• **PROBLEM TO WORK ON**: Leaving the images aside, transcribe all the data below exactly.

• **DATA BELOW**:
━━━━━━

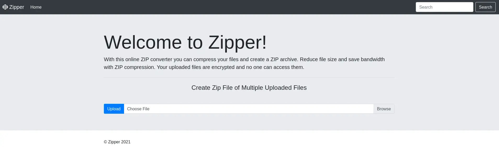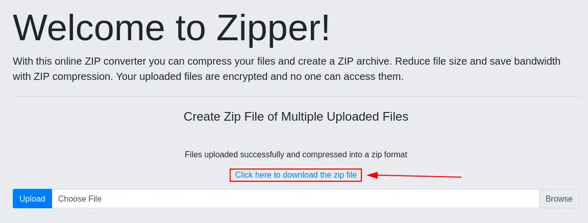 Como podemos observar, contamos con un formulario para subir uno o más archivos los cuales serán comprimidos en un archivo ZIP el cual luego podremos descargar.
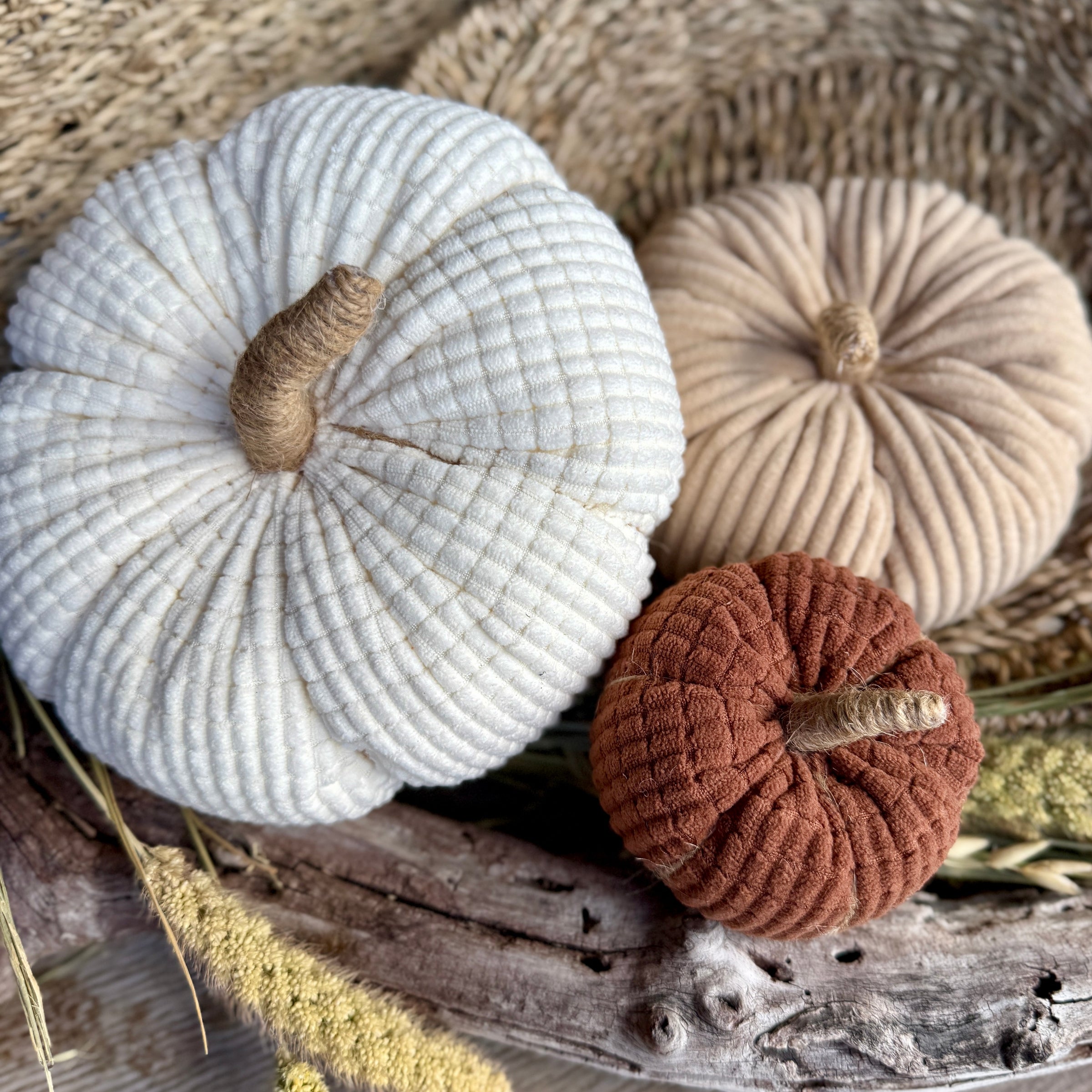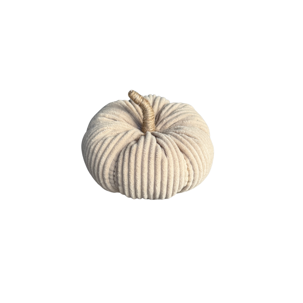 Medium Sand Wide Corduroy Pumpkin with Jute Wrapped Stem
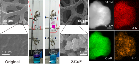 2. Sythesize, for the first time, the oxy-chloridized superhydrophilic Cu foam for oil/water separation. On the basis of the Fluorine-induced superhydrophilicity (FIS), they synthesized superhydrophilic Cu foam (SCuF) composed of oxy-chloridized hierarchical nanoparticles with metal Cu core and Cu2O/CuO1-x/2Clx shell via the combination of anodization, HCl etching and calcination, in which the Cl-terminated groups were formed at the surface of Cu-NPs in the form of -O-Cu-Cl or even -Cu-Cl. This SCuF shows ultrahigh water permeability and remarkable oil/water separation performance (separation efficiency > 99%). Moreover, the properties of SCuF for repeated use, anti-corrosion and anti-scratch are also excellent. This SCuF has great potential in industrial applications. This work has been published at

━━━━━━

• **REPLY**:
 Como podemos observar, contamos con un formulario para subir uno o más archivos los cuales serán comprimidos en un archivo ZIP el cual luego podremos descargar.
 Medium Sand Wide Corduroy Pumpkin with Jute Wrapped Stem
 2. Sythesize, for the first time, the oxy-chloridized superhydrophilic Cu foam for oil/water separation. On the basis of the Fluorine-induced superhydrophilicity (FIS), they synthesized superhydrophilic Cu foam (SCuF) composed of oxy-chloridized hierarchical nanoparticles with metal Cu core and Cu2O/CuO1-x/2Clx shell via the combination of anodization, HCl etching and calcination, in which the Cl-terminated groups were formed at the surface of Cu-NPs in the form of -O-Cu-Cl or even -Cu-Cl. This SCuF shows ultrahigh water permeability and remarkable oil/water separation performance (separation efficiency > 99%). Moreover, the properties of SCuF for repeated use, anti-corrosion and anti-scratch are also excellent. This SCuF has great potential in industrial applications. This work has been published at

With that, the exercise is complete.